There are many possible slight variations for how this could be implemented. You could have a shared scratchpad
for example so that all of the agents can see what thought processes and work the other agents have done. The downside is that this is very verbose though and the amount of information exchanged may be pointlessly large.
Alternatively, you could have them be isolated as single LLM calls without a strong interconnection that basically operate independently but they are merely strung together in a chain. This may be a bit too isolated though.
The example we’ll be looking at here lies somewhere in the middle where we will have independent fully-fledged agents that have their own scratchpad and ability to call tools if needed but the result of each agent doing its independent work gets stored in a shared state object like we had in the previous part.
This will be supervised by a sort of ‘team supervisor’ node we’ll call an ‘agent supervisor’ that will use this overall state object with the work done so far to decide what happens next and who to call. The basic idea looks like this:
The user sends a query to the Team Supervisor. The Team Supervisor then has a team of agents and it decides who it should call on next to complete some work, it can choose any of the agents at any point. Every agent points back to the Team Supervisor so that the Team Supervisor gets to decide again after each step which agent is next or if the work has been completed, in which case it will return to the end user.
Ours will look slightly different but we’ll build a diagram for it as we go along.
Tavily API
Before we jump in we’ll need to add another API key to our .env
and setup_environment.py
files. We will be using the Tavily API lightly during this part and again in the next part of the series. Go to https://app.tavily.com/ and sign up for a free API key.

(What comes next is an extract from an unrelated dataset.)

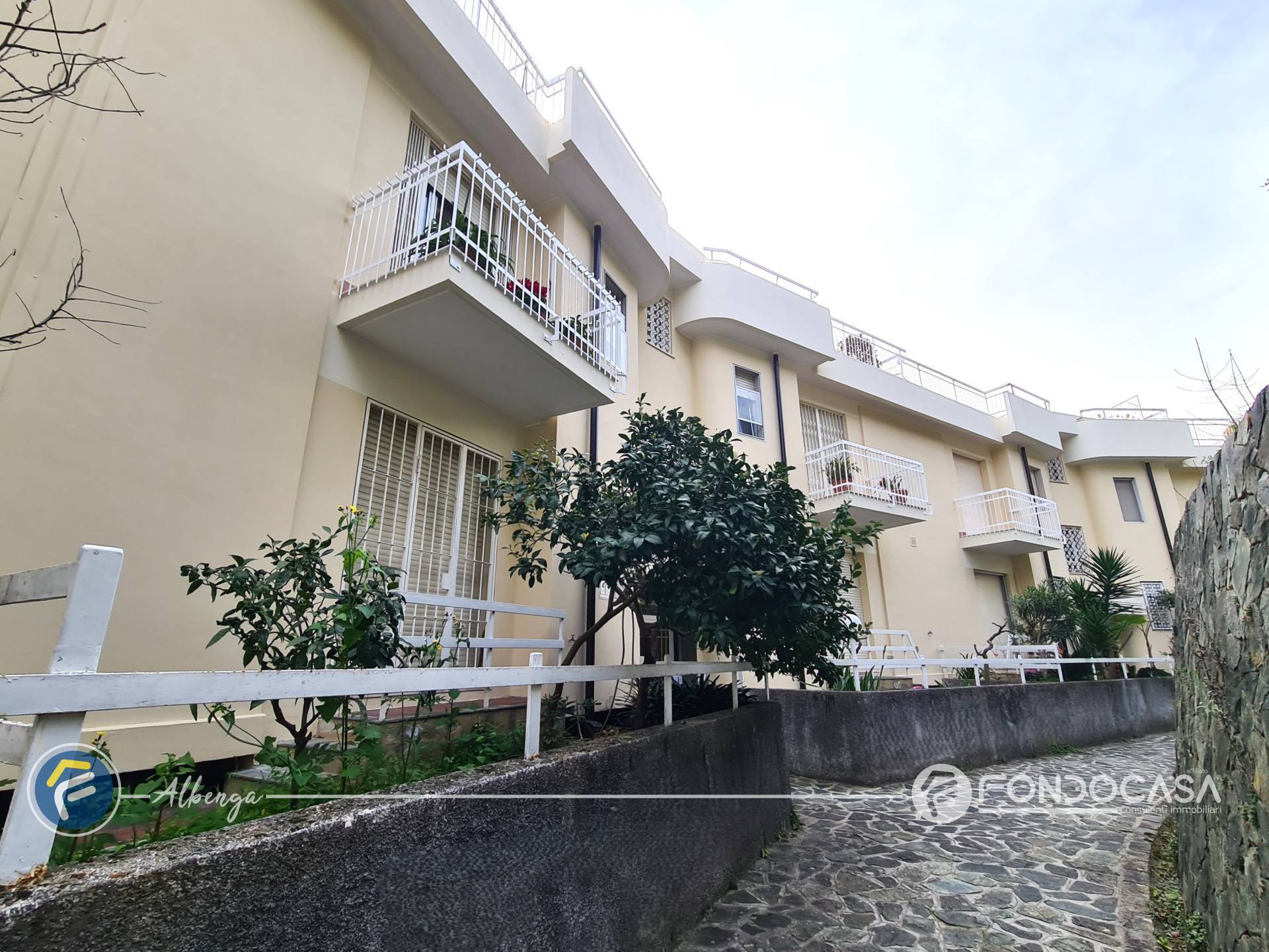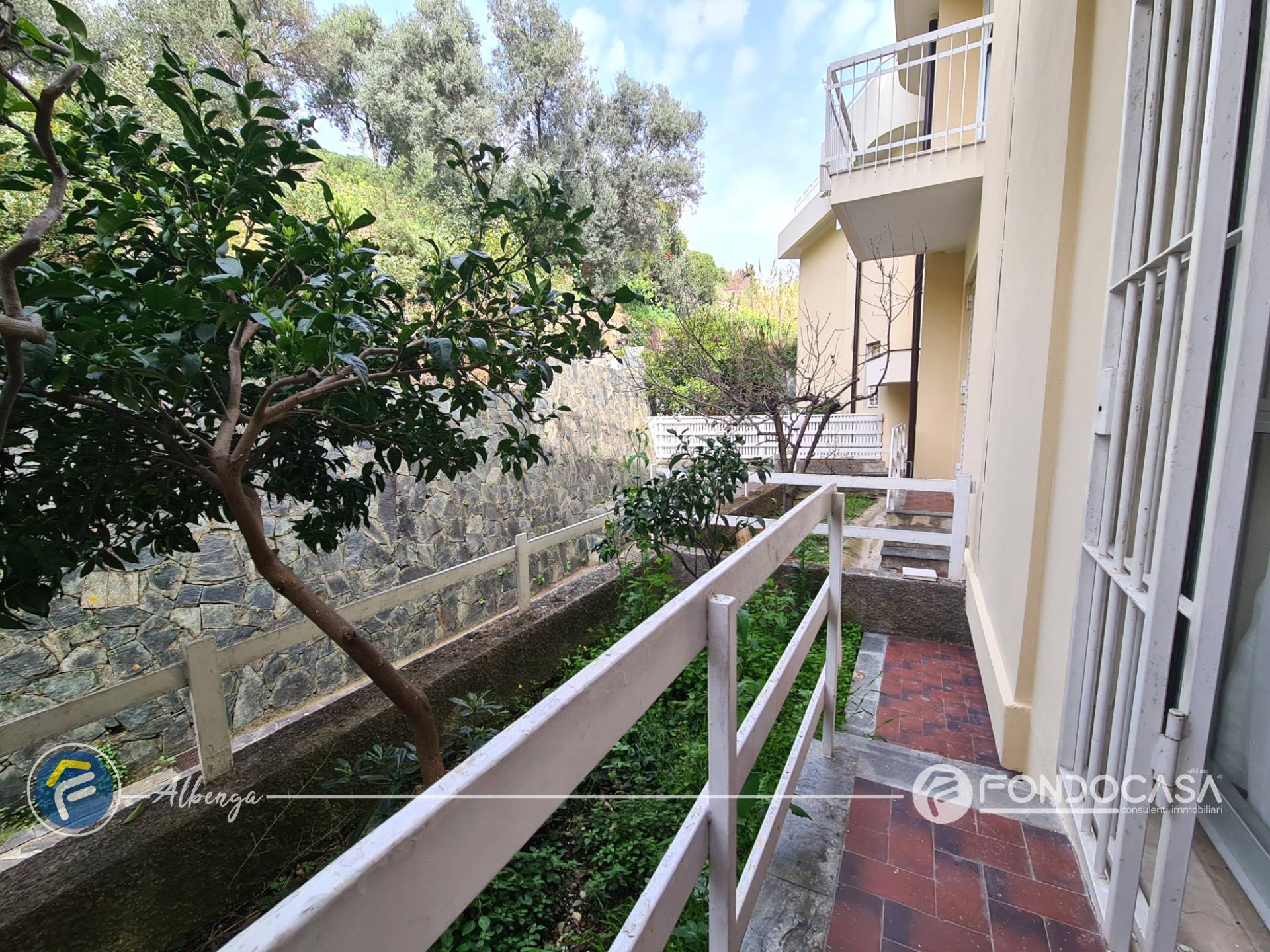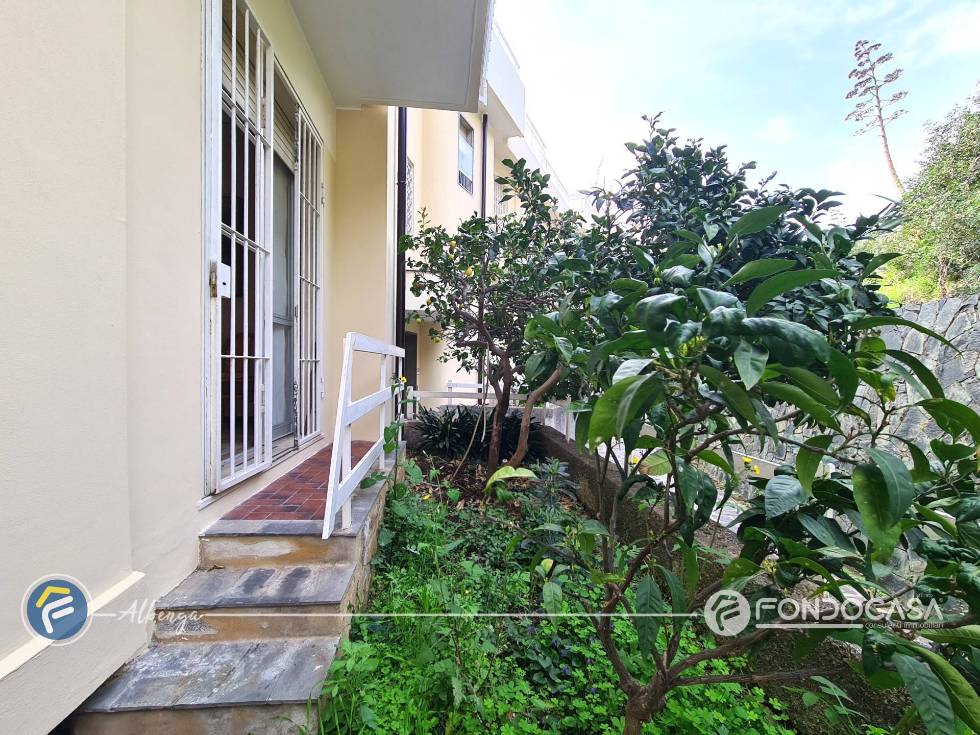 L´ingresso conduce ad un ampio salone dal quale si accede alla spaziosa terrazza vivibile in cui poter trascorrere momenti di relax godendo di una splendida vista sul mare e sull'Isola Gallinara, cucinotto separato e finestrato, camera matrimoniale con accesso diretto ad un giardino di proprietà, bagno finestrato ed un comodo ripostiglio.

Tavily is a search engine optimized for AI agents and we can use it to have an agent search the internet. One of the reasons I chose Tavily here is that LangChain comes with pre-built tools for Tavily that we can just import and use as is, allowing us to focus more on learning about LangGraph as we have one less tool to write. You can just use your Google account for quick and easy sign up and it will cost you nothing for the first 1000 or so queries which is way more than we’ll use. Get your API key and copy it to the clipboard. Then open your .env
file and add it like so:
OPENAI_API_KEY=your_api_key_here LANGCHAIN_API_KEY=your_api_key_here WEATHER_API_KEY=your_api_key_here TAVILY_API_KEY=your_api_key_here
Make sure not to use any spaces or quotation marks as usual. Then go ahead and save and close the .env
file. Now open the setup_environment.py
file and add a single tine to load the TAVILY_API_KEY
to an environment variable like so:
import os from datetime import date from decouple import config def set_environment_variables(project_name: str = "") -> None: if not project_name: project_name = f"Test_{date.today()}" os.environ["OPENAI_API_KEY"] = str(config("OPENAI_API_KEY")) os.environ["LANGCHAIN_TRACING_V2"] = "true" os.environ["LANGCHAIN_API_KEY"] = str(config("LANGCHAIN_API_KEY")) os.environ["LANGCHAIN_PROJECT"] = project_name ##### Add only this line ##### os.environ["TAVILY_API_KEY"] = str(config("TAVILY_API_KEY")) ############################## print("API Keys loaded and tracing set with project name: ", project_name)
Now save and close the setup_environment.py
file.
Prep for our multi-agent team
For this example over the next two parts, we will be creating a multi-agent team that will generate travel itineraries for us in PDF format, with us simply inputting a query and getting a fully formed PDF travel itinerary out the other end including an image. We will have three different tools that we will need for the overall setup:
- An image generator: We already made one in the last part, so we can just import and reuse it, which is one of the nice things about LangChain tools.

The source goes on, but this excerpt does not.